Ему казалось, что все теперь видят на его лице клеймо: не «проклятого», а «женобойцы». Он работал молча, угрюмо, почти не отвечая на шутки. Даже с Петькой разговаривал односложно.
Ася, чистая и светлая, стала одновременно его спасением и укором.
Он виделся с ней редко, только случайно — у магазина, на дороге.
И каждый раз её ясный взгляд заставлял его внутренне содрогаться.
Он боялся, что одно её прикосновение обожжёт его, осквернит её тем, что он теперь носил в себе.
— Николай, вы какой-то… далёкий, — сказала она как-то, встретив его у околицы.
Осень уже дышала в спину лету, и в воздухе висела прохлада.
— Устал, — буркнул он, глядя куда-то мимо её плеча, на пожухлую траву.
— Нет, не усталость, — она, как всегда, чувствовала правду. — Вы будто закрылись. В панцирь. Что-то случилось?
Он чуть не признался. Чуть не выпалил про тёмную воду, про синяк на её лице, про свой собственный, отпечатавшийся на ладони.

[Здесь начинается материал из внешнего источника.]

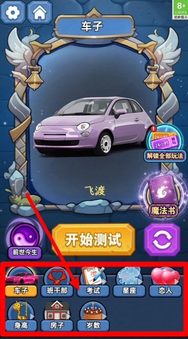 2. 测试项目超丰富,包含车子、班干部、考试、星座等项目,满足你对未来人生的各种想象。

Но удержался. Это было бы слишком. Как вывалить перед ней кучу навоза.
— Всё в порядке, Ася, — соврал он, впервые ей соврав. — Просто думы.
— Хорошо, — она не стала настаивать, но в её глазах промелькнула тень лёгкой обиды. Она чувствовала стену. — Если будет тяжело… я рядом.
Она ушла, оставив его стоять на пыльной дороге с ощущением, что он только что потерял что-то драгоценное, даже не успев по-настоящему взять в руки.
Слух, конечно же, просочился. Не напрямую — никто не видел.
Но Даша ходила несколько дней с лёгкой желтизной на скуле, а Колька — с лицом затравленного волка. Этого было достаточно для людского суда. Теперь шёпот стал определённее, злее.
«Слыхала? Дашку-то он не только сманивал, но и бил! Как Степан, только хуже… Яблочко от яблоньки, Павлова кровь — горячая да лихая».
Этот новый виток сплетен достиг и дома. Бабка Настя смотрела на внука тяжёлым, испытующим взглядом, но молчала.
Полина же однажды, когда они остались одни, не выдержала.
— Сын… Правда, что ты её ударил?
Он не стал отрицать. Кивнул, уставившись в стол.
— Боже мой… — мать схватилась за голову. — За что? Ну за что ты, Коль? Она же и так…
— Она на меня кинулась, мам! Голая! Как безумная! — выкрикнул он, поднимая на неё воспалённые глаза.
— Я отбивался! Как от зверя! Я не хотел её бить… но она…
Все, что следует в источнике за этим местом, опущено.